### Task item
Pull out every line from the line containing "jolie tapis de" through the end of the material, both ends included, and reproduce it exactly. Keep pictures out.

### Given information
════════════════

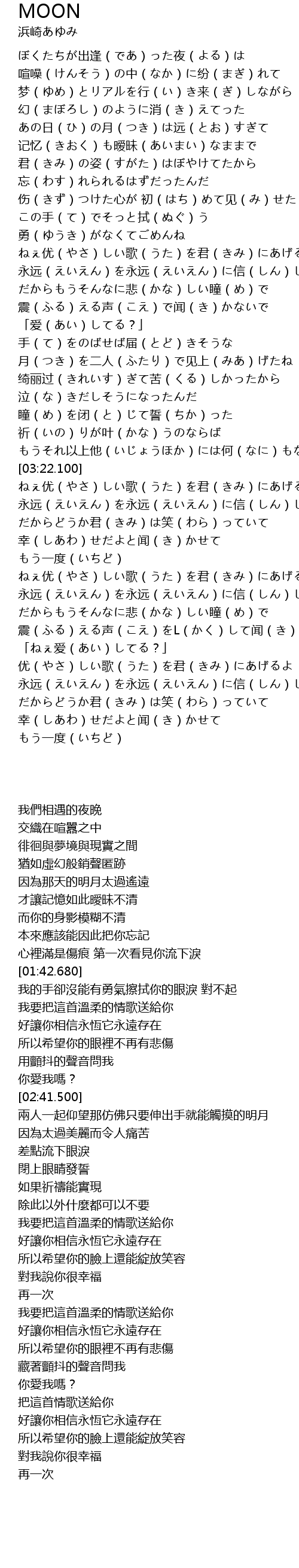| [02:45.990] | 月(つき)を二人(ふたり)で见上(みあ)げたね |
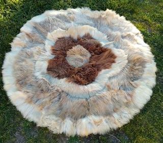 jolie tapis de vrai peau de chèvre diamètre 1m28 marron et blanc 30 e
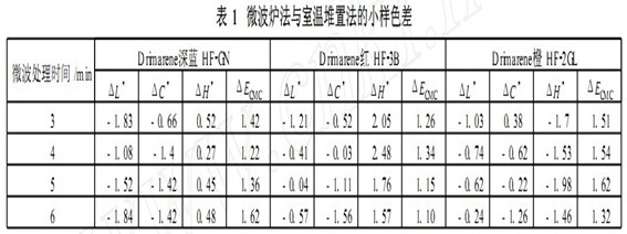 尽管微波炉法试样能够接近室温堆置法试样的表观颜色深度,但其颜色的差异通过肉眼就可以明显看出,如表1所示。
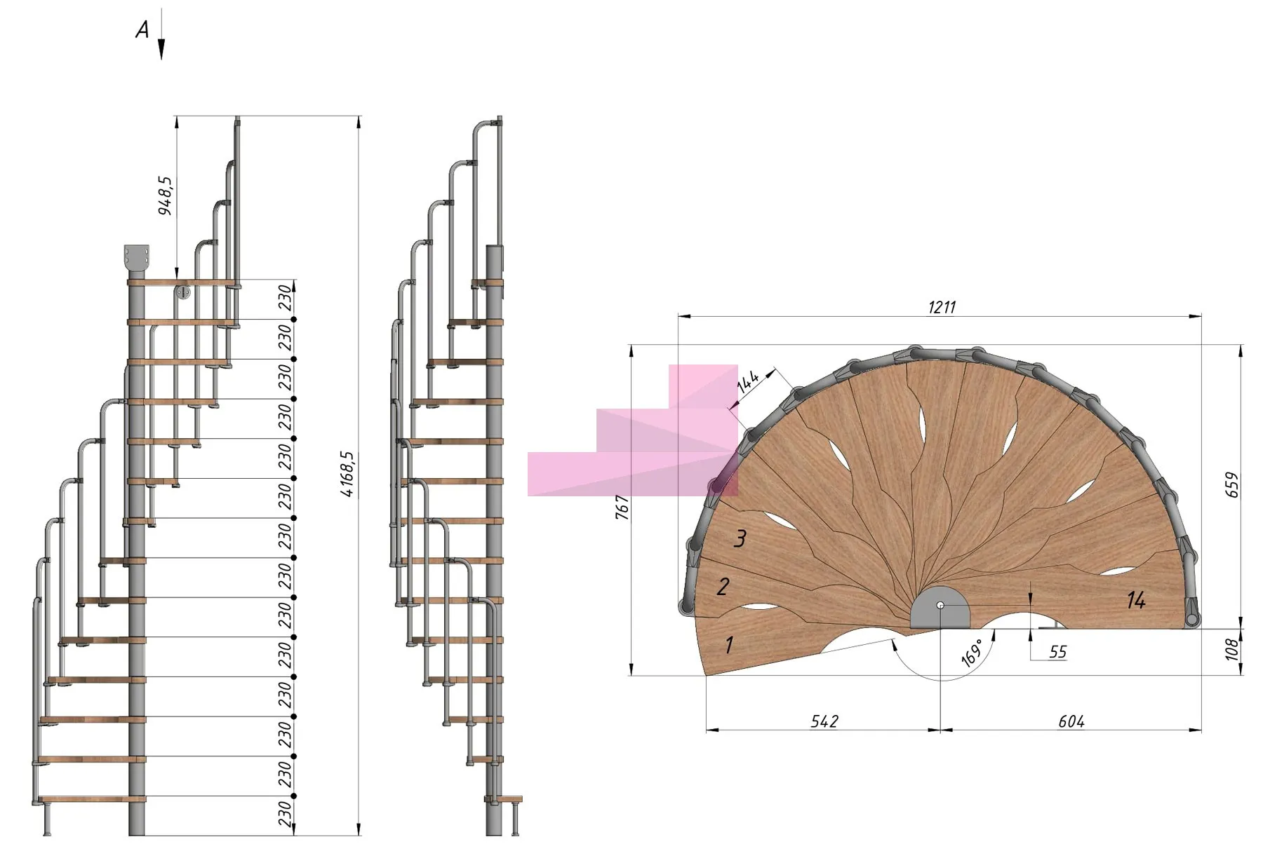 Винтовая лестница PROSTO MINI 60×120 см, h322-345 см

════════════════

### Output
 jolie tapis de vrai peau de chèvre diamètre 1m28 marron et blanc 30 e
 尽管微波炉法试样能够接近室温堆置法试样的表观颜色深度,但其颜色的差异通过肉眼就可以明显看出,如表1所示。
 Винтовая лестница PROSTO MINI 60×120 см, h322-345 см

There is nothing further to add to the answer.